The news is not necessarily new.
Earlier this year, stats were piling up on the various industries that were experiencing severe shortages of workers. A story published in February at https://www.truckerstraining.com/top-10-jobs-shortage-workers/, a site designed for the trucking industry, listed the top 10 occupations hardest hit by lack of employees, and from the bottom up, those occupations were nurses, drivers, engineers, teachers, IT staff, sales, laborers, restaurant/hotel staff, accountants and skilled workers.
Two of the top 10 directly affect produce and onions, with trucking number 9 and foodservice number 3 on the list.
Opinions on ramifications vary, but the general consensus is that the pandemic is at the root. In a June 9 article published by Restaurantdive.com, the author cites one major pandemic-caused reason for the quit rate given by employers as well as another reason given by employees.
Employers cited extra unemployment benefits as having kept employees from returning to their jobs, and the employees themselves indicated it was low wages and tips coupled with safety concerns that prompted them to think about working in other fields.
The whole story can be read at https://www.restaurantdive.com/news/quit-rate-for-restaurant-workers-hits-all-time-high/601496/.
Reporter Julie Littman noted that the hotel/restaurant industry reported in April 1.3 million job openings, up from just under a million in March. That was roughly five times the number of openings in the early part of the pandemic. The hiring level in April was 1.2 million, compared to 395,000 at the same time in 2020. The industry is hiring, but one takeaway in Littman’s article was a quit rate of 5.6 percent, which the piece said represents an all-time high.
At the same time fast-food and family chains have set lofty hiring goals, with some restaurants offering new phones or hiring bonuses to bring employees in, and wages were rising in the spring. April saw an average hourly for non-supervisory at close to $15, up a dollar from January.
Layoffs had also slowed drastically, with 188,000 in April 2021 compared to nearly 2 million in April 2020.
Litmann said the industries are “clearly switching to massive hirings instead of mass layoffs.”

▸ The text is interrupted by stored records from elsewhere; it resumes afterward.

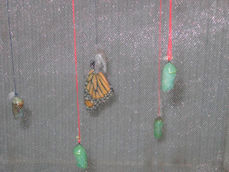 The following year I showed everyone, students and faculty alike, the monarch babies (cats were all over the milkweed we had planted). That year I simply had to have several impromptu seminars on raising monarchs; I passed around a leaf with a cat on it in my classes. Of course, after class I returned her to the garden.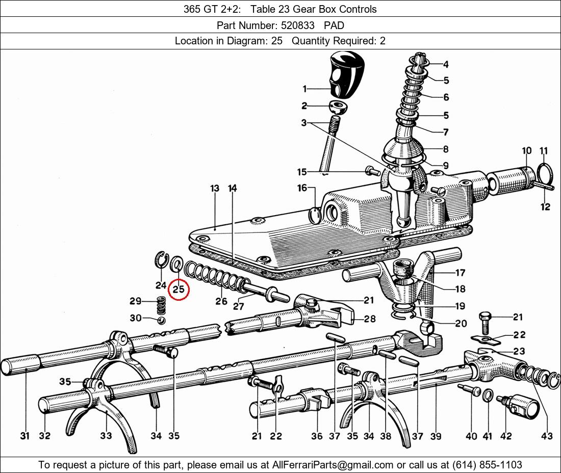 Ferrari Part Number 520833, PAD shown here as used in 365 GT 2+2 Table 23 Gear Box Controls. Location in Diagram: 25. Required Quantity: 2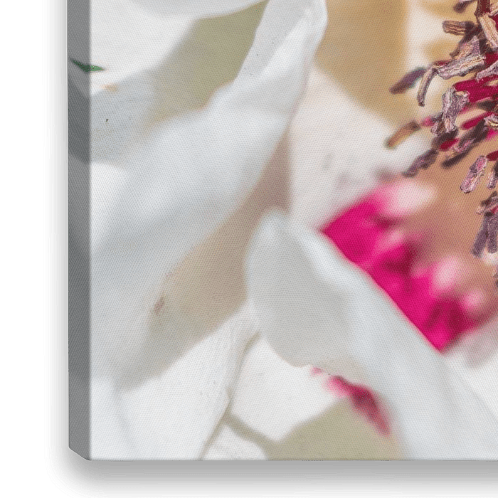 Das Bild zeigt eine Nahaufnahme des Zentrums einer weißen Blüte des orientalischen Mohns (Papaver orientale) der Sorte „Royal Wedding“. Im Fokus steht das detailreiche Innere der Blume: ein komplexes Zusammenspiel aus dunklem Purpur, Rosa- und Rottönen, das sich kontrastreich vom weißen Blütenkranz abhebt. Die zarten, leicht gewellten…
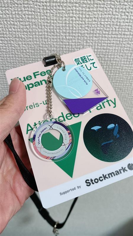 自分でアップロードしたアバターと名前が印刷されているネームカード (詳細: vuefes.jp) を取って奥に進みます。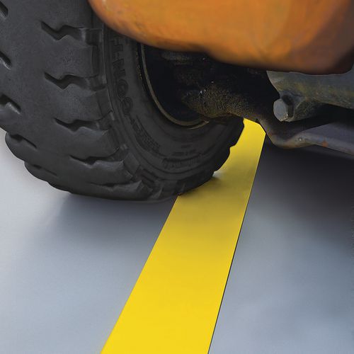 Durable and resistant, the tape was developed specifically for use in forklift trucks areas operate. Produced in 700µ thick coloured flat steel this tape is particularly suitable for precision marking on smooth level internal floors. For indoor use and permanent floor marking.
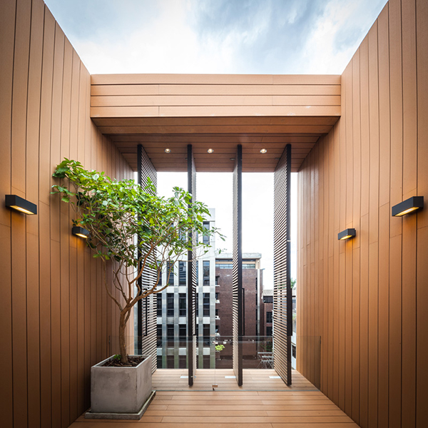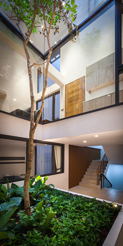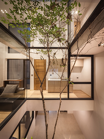 ความเท่ของบ้านหลังนี้ คือมี "ต้นไม้" อยู่กลางบ้านที่มีความสูงในระดับที่มองเห็นผ่านกระจกใสตรงกลางได้ทุกชั้น

Another take on the worker shortage can be found at
https://nypost.com/2021/06/20/worker-shortage-sparks-rent-a-staffer-boom-in-food-industry/, which said that New York food suppliers are hiring “mercenary truckers from Alabama — and they’re putting them up in hotels in the Bronx because they can’t find local drivers.”

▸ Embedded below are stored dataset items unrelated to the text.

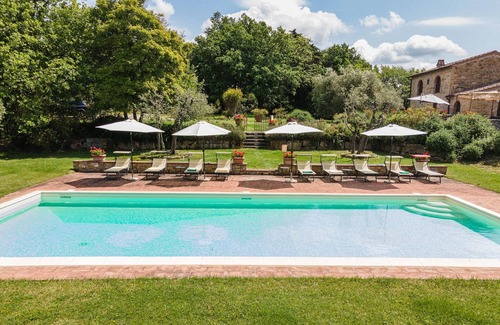 Beautiful natural stone house in the heart of Chianti Classico, in a wonderful position on a sunny hill with panoramic views over the valley, the vineyards and the surrounding countryside and about 1 km from the small village of San Donato in Poggio, which you can also reach on foot after a walk through the woods. Guests have at their disposal a spacious, well-kept garden with table and chairs, the beautiful swimming pool and a barbecue. The furnishings of this well-kept country residence are very tasteful and comfortable, reflecting the country style of this house. The location is ideal to explore the famous Chianti and to visit the fascinating art city of Florence, the latter reachable in about 25 minutes by car. Chianti is famous not only for its landscape of wonderful olive groves, vineyards and centuries-old holm oak and chestnut forests, but also for its ancient small hamlets, medieval castles and excellent wineries that have gained world fame in recent decades. The water quality of the pool is checked daily by the manager.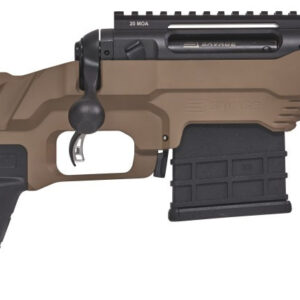 La culata incluye la empuñadura de pistola de estilo AR y el chasis es compatible con los cargadores de patrón AICS. La liberación del cargador es mediante una pestaña tras el brocal de acceso ambidiestro. El guardamanos es compatible M-LOK, con 32 ranuras para facilitar el montaje de accesorios como bípodes, láseres y topes para la mano de apoyo. M-LOK se está convirtiendo poco a poco, en el estándar de facto para la sujeción de accesorios en el ámbito militar, por su robustez frente a KeyMod. Decir, que tiene una cantonera con un nivel medio de mullido, proporcionando una buena amortiguación del retroceso. Además, se sirve de un cargador de polímero que tiene una capacidad para 10 cartuchos.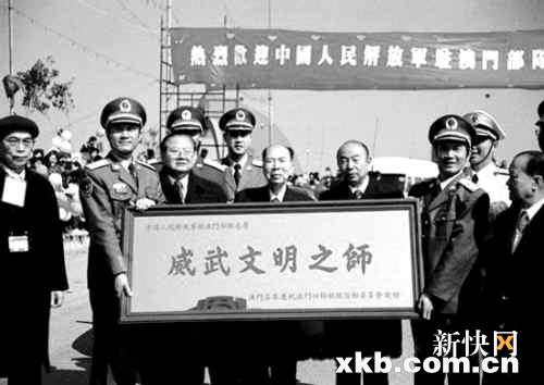 解放军从珠海军营出发至澳门龙成大厦军区,全程约16公里。到了友谊圆形地,澳门总商会会长马万祺即代表澳门各界人士,向驻澳部队赠送“威武文明之师”的金匾和写有“威武之师文明之师”的锦旗。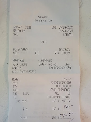Read moreVery rude service. No one told us if there is any time limit and I believe there is none for the dining time limit but they rush to clean the table just because there are people waiting outside. As soon as the table are cleaned and while we were still talking and drinking water, we were asked to leave right away. We made reservations, we ordered 4 orders of premium omakase. We left 20% tips. However we will NEVER come back to a restaurant with this kind of ghetto service.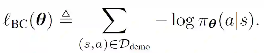 用标准行为克隆训练模仿策略,相当于拟合一个参数模型,使负对数似然损失最小化: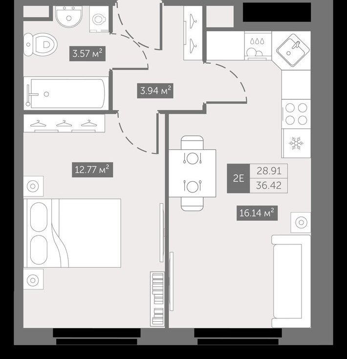 Продается просторная однокомнатная квартира в новом современном доме. Общая площадь составляет 36.2 кв. м, из них 12.6 кв. м — жилая площадь и 16.2 кв. м — просторная кухня, что идеально подходит для комфортного проживания. Квартира расположена на 7 этаже 11-этажного монолитного дома, построенного в 2026 году. Высота потолков — 2.7 метра.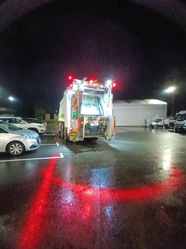 La sécurité des rippeurs est une priorité, notamment lors des collectes nocturnes où la visibilité est réduite. C'est pourquoi, COVED a équipé plusieurs de ses bennes d'un dispositif laser novateur.

The temporary worker response, or “rent-a-staffer,” as the headline called it, was outlined by author Lisa Fickenscher on June 20. She said that in addition to hiring from out of state and providing lodging, employers are also using recruiters to secure the workers.
The tactic, she said, is also “helping drive up prices for consumers.”
One CEO of a supplier for the foodservice industry said no one had considered such measures prior to the pandemic. The exec also said he’d lost 40 percent of his truckers and warehouse workers during COVID-19, forcing him to bring in workers from other areas as foodservice began opening up this spring.
The number of trucking jobs cut in April 2020 was the single largest ever, the story said in quoting the Bureau of Labor Statistics, with 88,300 jobs gone.
The CEO contacted a supplemental service operation that rents out truckers, and the CEO said the cost of such services was a premium, and a trucker outsourcing operation said the lack of employees was critical, particularly in the food sector. That is demonstrated at supermarkets experiencing a lack of warehouse workers.
In the meantime, the labor shortages and high wages are bringing higher prices at the register, with the food supplier CEO noting a 7 percent average increase in the first quarter, more than twice the normal increase of 2-3 percent.
Staples have seen spikes of more than 50 percent for some items, and meat is up by about 20 percent, the CEO said.
The story looked at the lack of drivers in the food industry specifically and wrote that the shortfall of some 15,000 drivers, coupled with the shortfall of 17,500 warehouse workers, translates to a vacancy rate of approximately 12 percent per company.
The story cited sources who said drivers can make $3,000 per week now, and Craigslist posts show jobs offering not only the $2,000-$3,000 per week incentive but also signing bonuses. One such bonus was $15,000, the story said – with the qualifications including six months’ experience and a clean driving record.